> _ASSIGNMENT_: An exact copy of the lines from the start of the material below through the line containing "China (cm) 165" is the required answer, and it includes no pictures.

> _SUPPLIED DATA_:
--- START ---
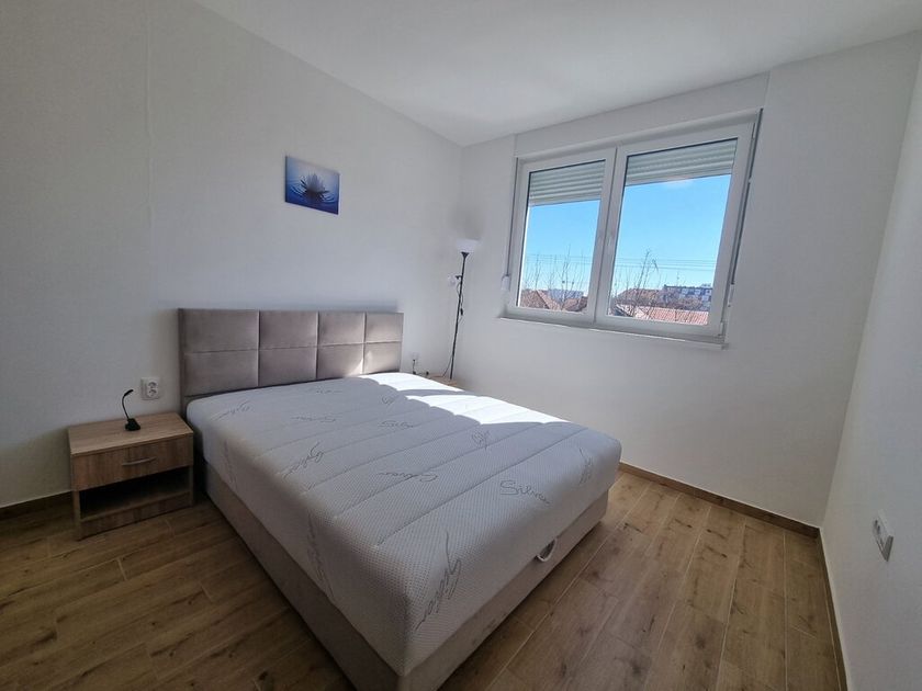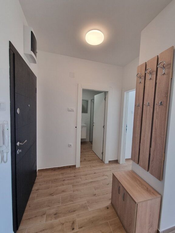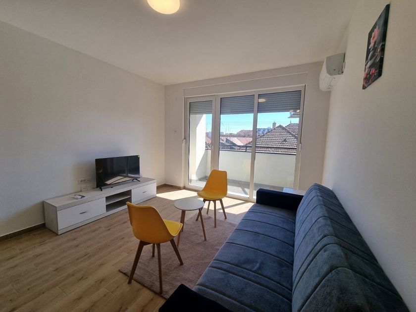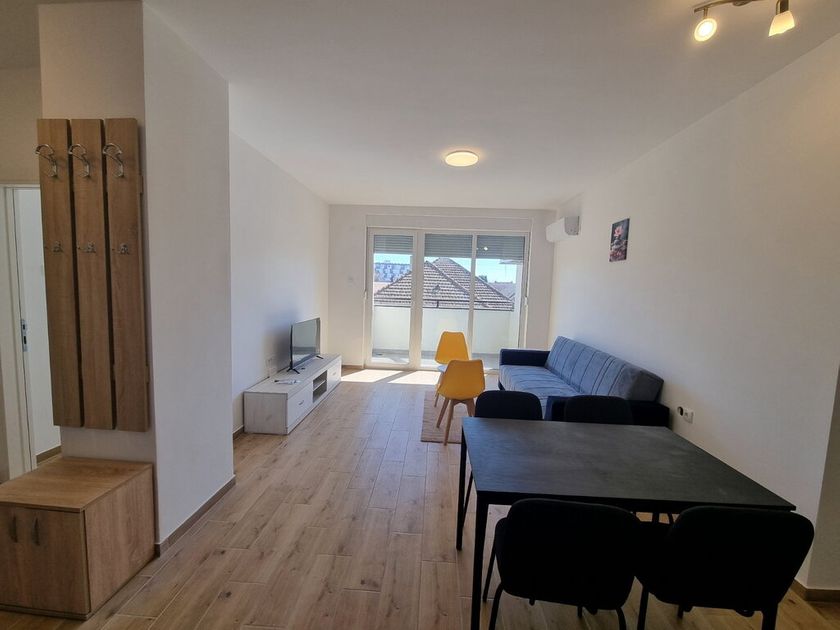Dvosoban stan od 51m2 u novosagrađenoj zgradi sa liftom na 1/5 spratu. Sastoje sa od velikog dnevnog boravka sa trpezarijom i kuhinjom koji vodi na terasu, spavaće sobe i kupatila sa tuš kabinom. Na podovima je tarket prozori su PVC, a grejanje je na gas. Stan je opremljen novim nameštajem, uređajima, priborm. Stan ima obezbeđeno parkig mesto u dvorištu zgrade. Obavezan depozit u visini jedne kirije, minimalni najam 6 meseci za nepušače , bez kućnih ljubimaca.
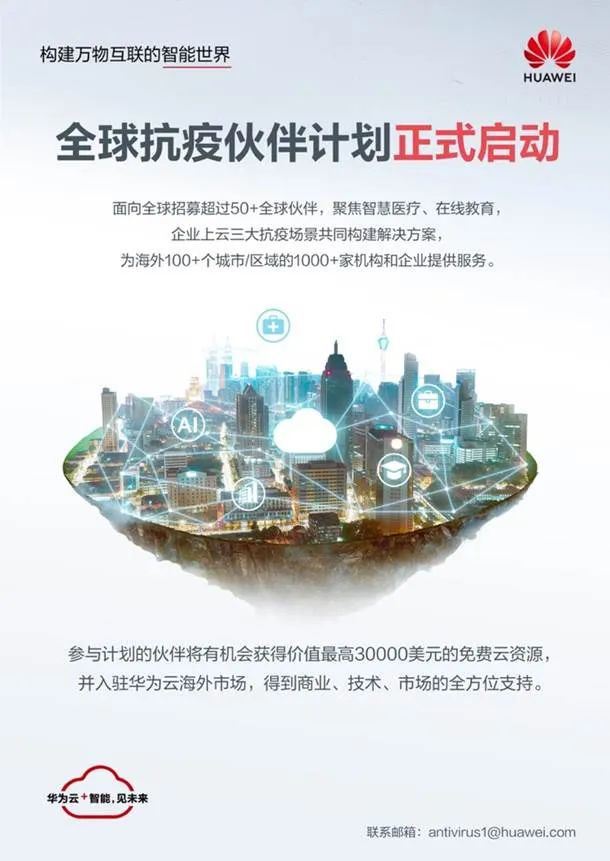 同时,华为云还发布了“全球抗疫伙伴计划”,聚焦远程办公、AI抗疫、企业协同、智慧医疗、在线教育五大场景,面向全球招募合作伙伴。参与计划的伙伴将获得价值最高30000美元的免费云资源,并入驻华为云海外市场,得到商业、技术、市场等全方位支持。
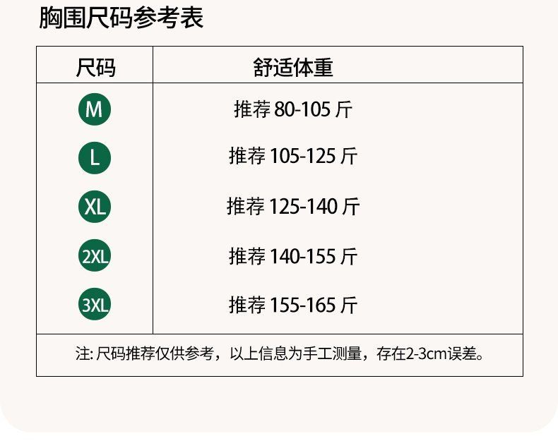 China (cm) 165 / 88-90 170 / 96-98 175 / 108-110 180 / 118-122 185 / 126-130
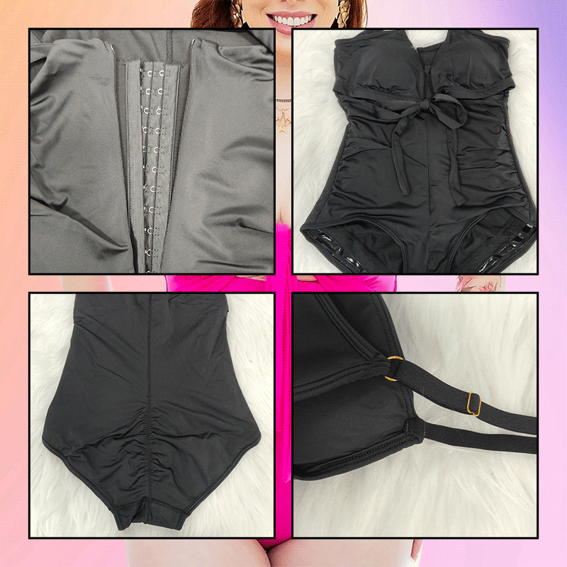 Discreet internal girdle in high quality powernet that helps you control those extra fat, with 3 lines of front clasps, adjustable shoulder straps with back support helping to correct posture.
--- END ---
> _ANSWER TO THIS EXERCISE_:
Dvosoban stan od 51m2 u novosagrađenoj zgradi sa liftom na 1/5 spratu. Sastoje sa od velikog dnevnog boravka sa trpezarijom i kuhinjom koji vodi na terasu, spavaće sobe i kupatila sa tuš kabinom. Na podovima je tarket prozori su PVC, a grejanje je na gas. Stan je opremljen novim nameštajem, uređajima, priborm. Stan ima obezbeđeno parkig mesto u dvorištu zgrade. Obavezan depozit u visini jedne kirije, minimalni najam 6 meseci za nepušače , bez kućnih ljubimaca.
 同时,华为云还发布了“全球抗疫伙伴计划”,聚焦远程办公、AI抗疫、企业协同、智慧医疗、在线教育五大场景,面向全球招募合作伙伴。参与计划的伙伴将获得价值最高30000美元的免费云资源,并入驻华为云海外市场,得到商业、技术、市场等全方位支持。
 China (cm) 165 / 88-90 170 / 96-98 175 / 108-110 180 / 118-122 185 / 126-130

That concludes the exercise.